Questi sistemi differiscono tra di loro anche riguardo ai criteri di classificazione e rispetto alla quantità e al tipo delle informazioni necessarie ed alla fonte informativa utilizzata. I sistemi “iso-gravità” fanno uso di parametri clinici e fisiologici normalmente presenti nella cartella clinica del paziente o recuperabili dai sistemi gestionali dei servizi di supporto (laboratorio, radiologia..). I sistemi “iso-risorse” sono basati su informazioni “cliniche” contenute nella scheda nosologica (SDO). Il limite principale dei primi, risiede nella necessità di personale appositamente addestrato per l’analisi della cartella clinica e la codifica dei dati clinici significativi. Viene quindi compromessa l’affidabilità del sistema (cioè la sua capacità di produrre risultati uguali quando operatori diversi o lo stesso operatore in momenti diversi estraggono i dati dalle medesime cartelle). Analogamente, i sistemi di classificazione basati sui codici delle diagnosi riportate nella scheda di dimissione risentono dei limiti intrinseci

del sistema ICD-9 e dell’appropriatezza della sua utilizzazione, e della completezza e accuratezza della sua compilazione. Sia l’omissione di codici di diagnosi così come la presenza di errori nella codifica possono compromettere una accurata assegnazione dei ricoveri alla categoria appropriata per quei sistemi di classificazione diagnosi-specifici che si basano sui dati riportati nella SDO.

Il problema di combinare “validità e fattibilità” pratica nei sistemi di classificazione che si propongono di misurare “la gravità o la complessità” di tutti i ricoveri in tutte le “aree di attività” dell’ospedale sembra quindi quello di conciliare due necessità apparentemente incompatibili. Un sistema di classificazione dei pazienti dimessi da un ospedale per acuti dovrebbe essere in grado di soddisfare i seguenti “criteri di valutazione”:

• Le categorie di pazienti individuate sono buoni descrittori dell’attività clinica ed assistenziale e buoni predittori della quantità e del tipo di risorse consumate nel processo clinico assistenziale?

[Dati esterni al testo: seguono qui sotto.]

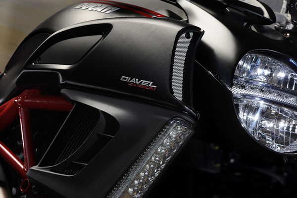 Diavel Carbon 魔鬼碳纖版車款精致的鍛造鋁制配合 Marchesini 車輪將摩托車的重量降至 205 千克。具有鉆石般外殼 (DLC) 的 Marzocchi 前叉,銑削鋁制的剎車盤座,碳纖維整流罩和黑色配件;所有這些使魔鬼碳纖版設計成為獨具特色的技術工藝神奇結合。

• Il sistema di classificazione copre adeguatamente tutte le aree di attività dell’ospedale?

• Le singole categorie cliniche ed il sistema nel suo complesso sono facilmente intellegibili da parte dei clinici e amministratori?

• Le informazioni necessarie all’attribuzione dei pazienti alle singole categorie sono facilmente ottenibili dal sistema informativo disponibile?

• Il sistema di classificazione è sufficientemente <<robusto>> rispetto alla quantità delle informazioni disponibili?

Per soddisfare adeguatamente le necessità di un sistema di finanziamento basato su unità di pagamento definite dalle categorie finali del sistema di classificazione, così come le più sofisticate esigenze della gestione interna dell’ospedale, un sistema di classificazione dovrebbe essere in grado di fornire una misura adeguata di tutta la casistica trattata e di tutte le aree di attività.